Our work first aim to present an innovative design using bistable metal strip and shape memory alloy Nitinol to fabricate a biomimetic actuator as a swimming device, which exhibited both slow moving and fast snapping capability like an octopus. We hope to inspire more research on combining different materials to achieve novel designs for more applications. Sensing application is just one of the many applications this device can achieve. Remote sampling collecting, video recording, humidity, temperature and air quality monitoring can all be potentially realized with thoughtful integration. However, we do need to consider the long time memory loss of Nitinol wire after more repetitions, which was not exhaustedly investigated in this work. Future research should look into this and come up with an estimate time for Nitinol wire memory exhaustion. Also, how to recharge the battery when the device is far away in the field, and how to make sure we don’t lose connection when battery runs out, etc. More importantly, bio-fouling can be a big challenge for devices that are deployed and immersed in water environment for long period of time. Special protective coatings or antifouling design for the device should be investigated.

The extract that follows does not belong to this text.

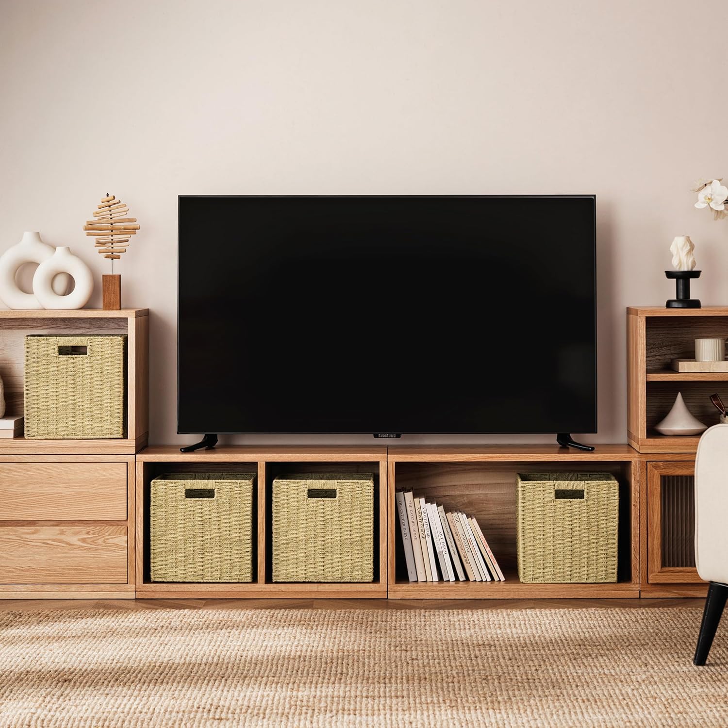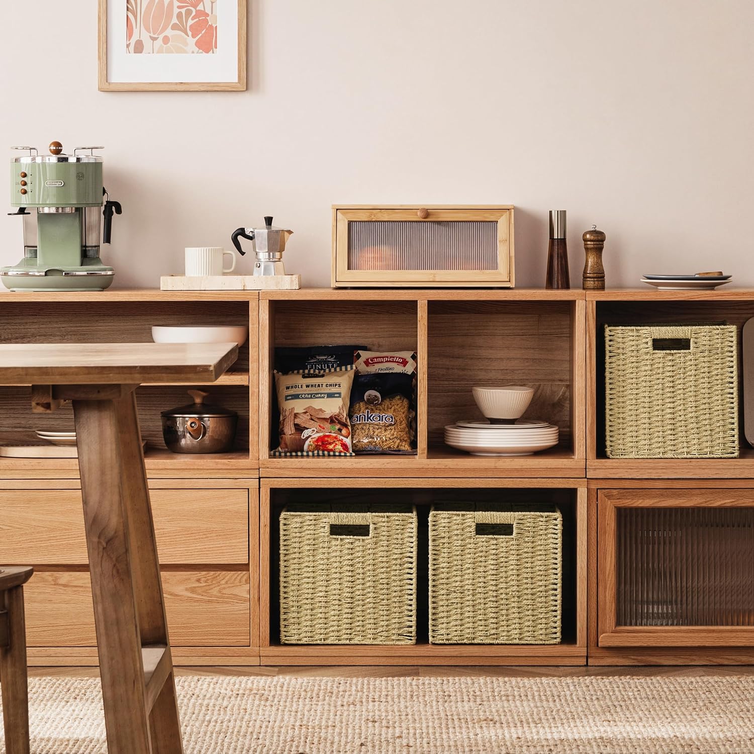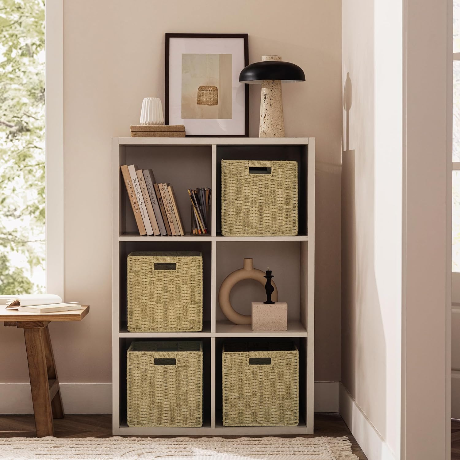UBBCARE 4 Pack Wicker Basket, 11L×11H×10.5W inch Woven Paper Rope Storage Baskets for shelves, Foldable Cube Storage bin with Handle, Storage Basket for Organizing & Decor, Natural

In summary, a wirelessly controlled, programmable, swimming device was developed. The properties of the Nitinol alloy, bistable metal strips were investigated to find out optimum design. Hydrogel coating was chosen to provide a stable under-water environment for the Nitinol wires, which facilitates under-water actuation. A fish fin like PDMS flipper was also designed and increased the swimming ability. The swimming device could navigate in all directions and could be controlled wirelessly and easily programmable thanks to the untethered design with a portable battery and wireless control module. We also showcased its successful integration with an etalon-based sensing platform, which can potentially inspire more innovative future applications.